Scanning automation has already improved the effectiveness of security, from endpoint monitoring to uncovering code vulnerabilities pre-deployment. This approach has moved from security to compliance, with automated evidence-gathering, and the ability for auditors to look at dashboards rather than spreadsheets. In both cases, companies can prove security and compliance continuously, as opposed to a point-in-time check. No business would settle for going back to manual deployments once they’ve automated a CI/CD pipeline or consider removing lint rules in favor of human code reviews. That’s the mind-set that SaaS businesses must adopt for compliance. Particularly as enterprise customers require continuous compliance with SOC 2 and/or ISO 27001 certifications.

Every argument for automation in development, engineering or security, also makes a case for benefiting compliance.

Vanta’s Spitz: Automation can be win-win, but only if you do it right.

Successfully applying increased automation at all levels means that companies spend a lot less time doing manual busywork, gaining real-time visibility into the effectiveness of security and/or compliance programmes.

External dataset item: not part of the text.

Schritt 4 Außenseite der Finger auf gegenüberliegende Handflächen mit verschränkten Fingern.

Automation offers cost savings, mitigated risk and less time and toil spent away from service delivery. Everyone wins.

Continuous monitoring

Continuous monitoring tools should be easily integrated with your data system. They should run constant scans of the system against the company’s knowledge base, detecting when controls aren’t compliant, identifying potential issues and indications of potential breaches. Here is a shortlist of best practices.

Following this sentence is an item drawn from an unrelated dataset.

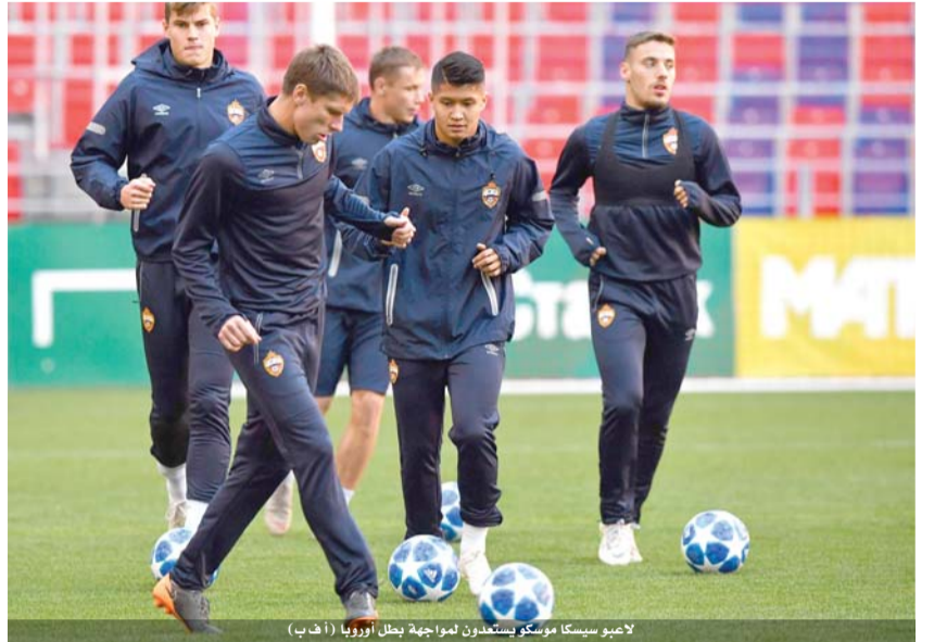
لاعب سيسكا موسكو يستعدون لمواجهة بطل أوروبا

السبت، اضطرت مدربه جولن لوبيتيجي لاستبداله. ومع انخفاض عدد «النجوم» في صفوفه وعدم تعويض انتقال رونالدو بضم لاعب من طينة كبيرة، يجد ريال نفسه يعتمد بشكل متزايد على مجموعة من اللاعبين الشباب، منهم ماركو أسنسيو وإيسكو، وماريانو دياز (٢٥ عاما) العائد هذه السنة من ليون، وداني سيبايوس (٢٠ عاما) الذي دخل بدلا من بايل في مباراة أتلتيكو.

  • Open up your systems to comprehensive monitoring. Ensure monitoring tools can evaluate all digital assets. This includes web and mobile apps, APIs, services, cloud infrastructure, code repositories, connected devices, and SSL certificates
  • Vulnerabilities are not everything. Many tools notify when they find vulnerabilities. Few will notify if the business is missing compliance-required security controls
  • Stay alert. ‍Continuous monitoring cannot handle security on its own. It will identify potential issues, but fixing them often requires human intervention
  • Keep reading. Nothing replaces education and keeping current with the latest security developments
  • Assign owners. There must be a process of ownership as alerts are flagged for accountability, reporting to leadership and stakeholders, and managing a plan to remediate security issues

Where do we go from here?

Today, compliance standards are defined by governments and other centralized organisations and audited at points in time. Applying automation enables companies to present customized sets of controls and requirements, perhaps per-vendor. More importantly, it allows them to produce evidence continuously, enabling buyers to have a direct, real-time view into their vendors’ current compliance, rather than relying on a piece of paper, e.g. a SOC 2 certificate.

For developers and engineers, this is a much more satisfying and meaningful approach, ridding ourselves of the irritation of manual work and putting our talent to value-added delivery. Case-by-case automation incrementally gives back more autonomy, deep work, and company value. 

As a McKinsey New Year’s resolution for tech in 2023 put it, “Free the engineers you already have.”